I thought the way to figure things out is to get out there, meet and see a few men, feel them out and decide from there? My problem before was that I jumped in with the first man right away, and stayed for X-number of months/years even if things weren't good, hoping that they would improve. I don't want to do that anymore. I do want to be in a committed relationship, but I want to make sure it's with the *right* man this time. And, I realize that seeing more than 1 man at a time is a turnoff, which is why neither of them know about each other. Plus, I don't know if either of these men are seeing anyone else as well.
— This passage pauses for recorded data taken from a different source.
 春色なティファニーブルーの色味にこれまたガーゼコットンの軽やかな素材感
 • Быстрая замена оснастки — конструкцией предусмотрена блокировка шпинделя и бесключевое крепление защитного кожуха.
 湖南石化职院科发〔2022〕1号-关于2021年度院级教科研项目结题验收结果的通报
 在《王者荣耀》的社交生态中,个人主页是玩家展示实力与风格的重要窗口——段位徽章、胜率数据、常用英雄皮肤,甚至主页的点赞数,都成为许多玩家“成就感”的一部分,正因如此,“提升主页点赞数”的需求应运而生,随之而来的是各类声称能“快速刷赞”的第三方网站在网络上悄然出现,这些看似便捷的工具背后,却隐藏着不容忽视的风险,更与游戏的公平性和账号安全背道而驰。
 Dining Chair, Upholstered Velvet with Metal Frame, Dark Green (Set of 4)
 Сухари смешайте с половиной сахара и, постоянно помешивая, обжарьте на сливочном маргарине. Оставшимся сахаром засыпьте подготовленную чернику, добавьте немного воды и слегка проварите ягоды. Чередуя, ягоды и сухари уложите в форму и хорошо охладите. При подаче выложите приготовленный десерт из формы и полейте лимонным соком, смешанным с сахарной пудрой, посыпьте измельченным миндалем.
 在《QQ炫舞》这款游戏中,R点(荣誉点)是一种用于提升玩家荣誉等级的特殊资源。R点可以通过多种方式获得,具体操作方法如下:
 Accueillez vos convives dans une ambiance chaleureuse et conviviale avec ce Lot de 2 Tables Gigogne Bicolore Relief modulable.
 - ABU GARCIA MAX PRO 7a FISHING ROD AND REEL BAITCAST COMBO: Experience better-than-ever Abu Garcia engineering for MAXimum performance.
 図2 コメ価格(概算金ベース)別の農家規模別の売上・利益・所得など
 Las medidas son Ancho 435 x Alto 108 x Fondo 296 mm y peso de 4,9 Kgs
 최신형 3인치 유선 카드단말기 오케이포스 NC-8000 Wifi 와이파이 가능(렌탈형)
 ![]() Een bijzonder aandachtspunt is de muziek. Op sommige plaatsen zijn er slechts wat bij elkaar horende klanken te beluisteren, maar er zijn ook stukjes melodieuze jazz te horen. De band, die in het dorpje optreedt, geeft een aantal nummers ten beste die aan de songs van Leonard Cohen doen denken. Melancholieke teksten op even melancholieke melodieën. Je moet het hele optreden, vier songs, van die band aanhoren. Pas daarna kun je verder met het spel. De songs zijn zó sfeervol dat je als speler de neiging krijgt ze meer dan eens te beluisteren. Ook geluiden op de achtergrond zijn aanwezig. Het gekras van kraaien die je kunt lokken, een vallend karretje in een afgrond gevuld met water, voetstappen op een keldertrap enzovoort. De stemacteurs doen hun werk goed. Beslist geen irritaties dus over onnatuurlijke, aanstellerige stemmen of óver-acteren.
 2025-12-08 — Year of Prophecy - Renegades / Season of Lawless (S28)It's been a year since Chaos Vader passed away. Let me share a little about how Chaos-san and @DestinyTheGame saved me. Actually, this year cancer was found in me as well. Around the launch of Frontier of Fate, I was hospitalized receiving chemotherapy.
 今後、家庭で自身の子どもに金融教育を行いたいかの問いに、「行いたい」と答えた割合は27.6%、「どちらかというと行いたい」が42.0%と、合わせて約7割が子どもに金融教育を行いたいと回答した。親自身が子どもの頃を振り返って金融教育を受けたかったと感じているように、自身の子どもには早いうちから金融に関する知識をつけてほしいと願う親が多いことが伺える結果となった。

Your description of me is a little off: I'm not a casual THC user. I've tried CBD, but have never done drugs. I thought about it when I was in my last relationship, but it never got to that point. Yes, I have glasses. And, if I had gone out with someone 30x, I would've had the "are we exclusive" conversation well before that. 

But thank-you for your thoughts; I do appreciate them, although some of your facts are incorrect.
@FieryHairedLady, true enough for the third time that afternoon/evening. And I will be talking to him about it this evening when we see each other. Was it good the first 2x? Not particularly. It sounds like you and your husband have a very open dialogue when it comes to this (and other things, too, I'm sure). That's the way it should be! Like you were, I'm on birth control (the pill), and use condoms as well. Yeah, the first few times with a new partner can be really tricky, that's why it's good to have an open dialogue.


----------



## Kamstel (Apr 25, 2018)

Teach him! Teach him what you like, what guy would do it to please his woman?!?!


----------



## Livvie (Jan 20, 2014)

I will add this: you can't teach passion!


----------



## Andy1001 (Jun 29, 2016)

Livvie said:


> I will add this: you can't teach passion!


But you can fake it😈


----------



## Personal (Jan 16, 2014)

Trying to teach a guy, is barking up the wrong tree.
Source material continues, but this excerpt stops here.